[SciPy-user] A first proposal for dataset organization

Thu Sep 20 06:05:24 EDT 2007

Robert Kern wrote:
> David Huard wrote:
>> Hi Anne,
>>
>> 2007/9/19, Anne Archibald <peridot.faceted at gmail.com
>> <mailto:peridot.faceted at gmail.com>>:
>>
>>     On 18/09/2007, David Huard <david.huard at gmail.com
>>     <mailto:david.huard at gmail.com>> wrote:
>>
>>     > For large data sets, I'm not sure I understand what you're
>>     meaning. Do you
>>     > intend to include netcdf or HDF5 files and provide an interface to
>>     access
>>     > those data sets so users don't have to bother about the underlying
>>     engine ?
>>     > Do we really want to distribute a package weighting > 1GB ?
>>
>>     One of the points of this project, as I understand it, is to make it
>>     convenient for people to get and use real datasets. In particular, one
>>     possibility is to not include the data in this package, but instead
>>     only a script to download it from (say) the HEASARC. Thus big datasets
>>     are not outrageous, and more to the point, we need to be able to deal
>>     with them whatever form they are in natively.
>>
>>
>> My understanding was rather :
>> " ... to make it convenient for people to get and use real datasets for
>> use in SciPy and NumPy examples, documentation and tutorials. " This
>> limits the scope of the dataset package, at least for starters. If some
>> tutorial deals with larger than memory issues, then using a specialized
>> binary format makes sense. However, I think that pretty basic datasets
>> can illustrate the use of most SciPy and NumPy functions.
>
> That's an important use case, certainly, but I had in mind uses cases like the
> one Anne gave, too, when I suggested parts of the design that David implemented.
> The scope is still fairly broad.
Yes, indeed, my sentence "to make it convenient for people to get and 
use real datasets for use in SciPy and NumPy examples, documentation and 
tutorials" was just a list of possible usages, not the only usages to 
take into account. I realized also that my proposal sounded like I was 
the only involved, which was not the case. I hope people involved in 
previous discussion on that matter didn't take any offence.

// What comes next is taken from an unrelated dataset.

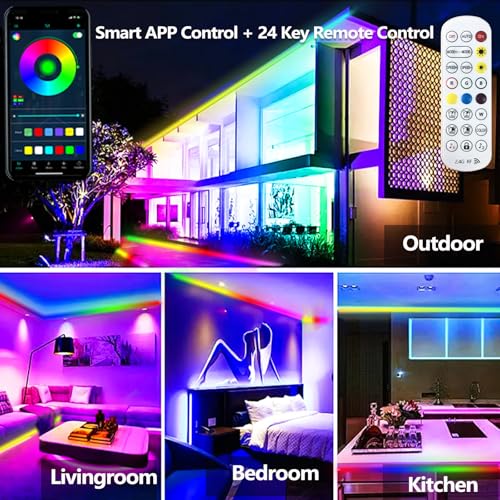 - 【Music Sync Led strip lights】The APP plays your favorite music and Outside Led Strips' colors sync with the music.It is an ideal decoration for all kinds of holidays and party, such as birthday party decorations and Christmas party decorations

David (Huard) already highlighted one problem with my proposal (time 
series representation). I would really be interested in comments about 
using MaskedArrays to handle missing data (I've never used it myself), 
and the use of record arrays for the data; for example, I can see cases 
where record arrays may be a problem (if all your data are homogenous, 
you cannot treat the data as a big numpy array), but I don't know if 
this is significant.

cheers,

David